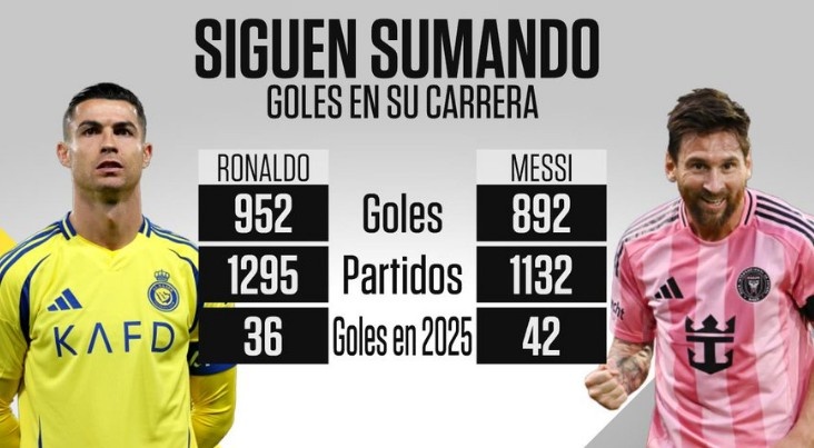 C罗生涯1295场赛事 打进952球,其中2025年打进36球;梅西生涯1132场赛事 打进892球,其中2025年打进42球。
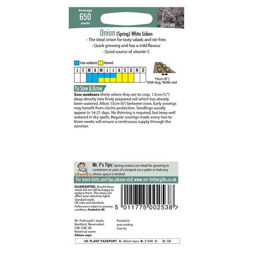Grow your own fresh spring onions with Mr Fothergills White Lisbon seeds. These seeds produce an easily grown crop featuring mild, tasty white bulbs complemented by dark green stems. They are an excellent choice for small spaces, suitable for growing in containers or pots on a balcony.
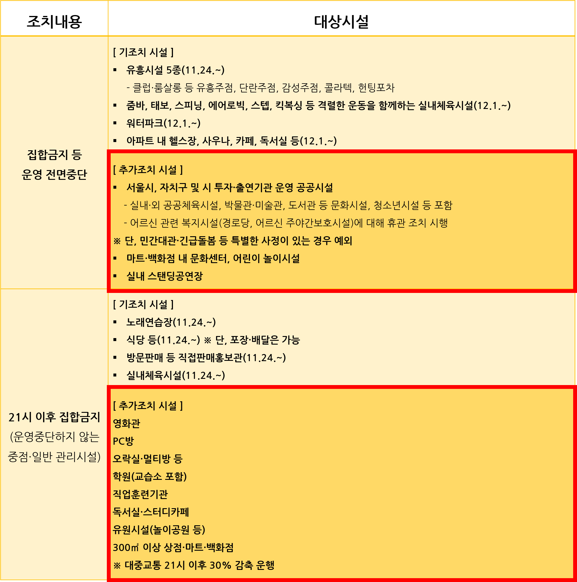 • 300평방미터 미만 소규모 마트와 음식점 포장/배달을 제외한 모든 시설들의 21시 이후 영업중단
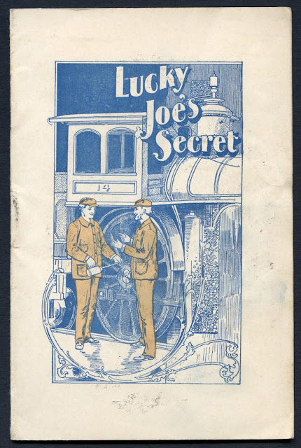 The booklet is basically a story about how a "Lucky Joe" gets ahead in life by being a smart shopper and buying Sweet, Orr & Company work clothes. I find it kinda funny that "Lucky Joe" has saved enough money buying Sweet, Orr & Company goods that he can afford a piano. I guess that was the thing to have back then.
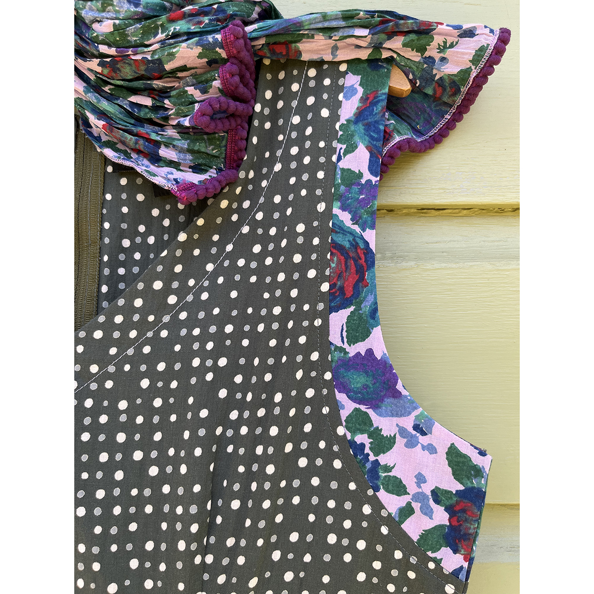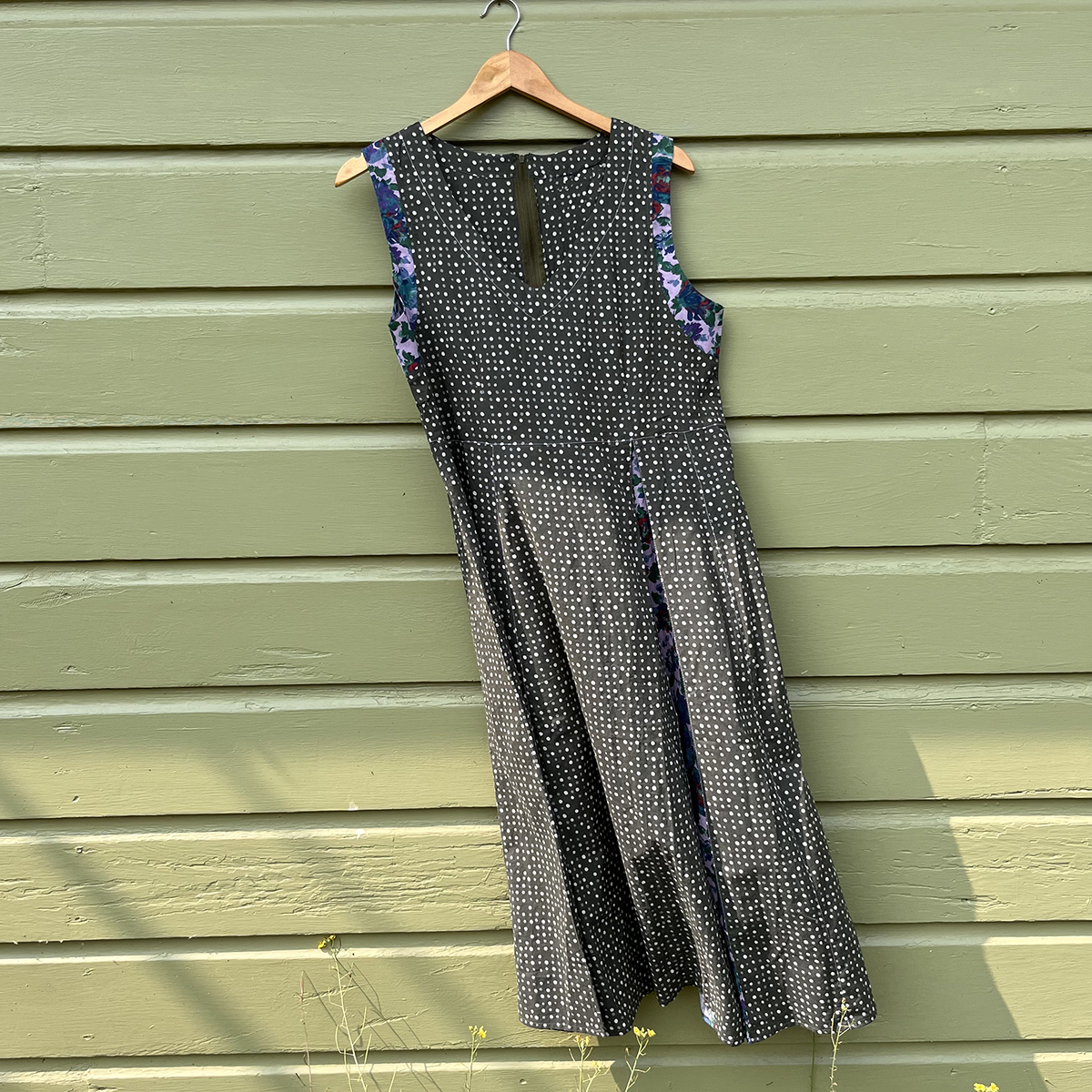 We love this elegant yet easy dress! Florals peek out through a cascade of mini dots. This goes from day to night and everything in between. Mini dots printed on army-green tinted charcoal. 100% Cotton. Zip up back. Approx 46″ length. Made in India.

+-------+

Without copying the pictures, transcribe the entries exactly.

• _Solved problem_
 C罗生涯1295场赛事 打进952球,其中2025年打进36球;梅西生涯1132场赛事 打进892球,其中2025年打进42球。
Grow your own fresh spring onions with Mr Fothergills White Lisbon seeds. These seeds produce an easily grown crop featuring mild, tasty white bulbs complemented by dark green stems. They are an excellent choice for small spaces, suitable for growing in containers or pots on a balcony.
 • 300평방미터 미만 소규모 마트와 음식점 포장/배달을 제외한 모든 시설들의 21시 이후 영업중단
 The booklet is basically a story about how a "Lucky Joe" gets ahead in life by being a smart shopper and buying Sweet, Orr & Company work clothes. I find it kinda funny that "Lucky Joe" has saved enough money buying Sweet, Orr & Company goods that he can afford a piano. I guess that was the thing to have back then.
 We love this elegant yet easy dress! Florals peek out through a cascade of mini dots. This goes from day to night and everything in between. Mini dots printed on army-green tinted charcoal. 100% Cotton. Zip up back. Approx 46″ length. Made in India.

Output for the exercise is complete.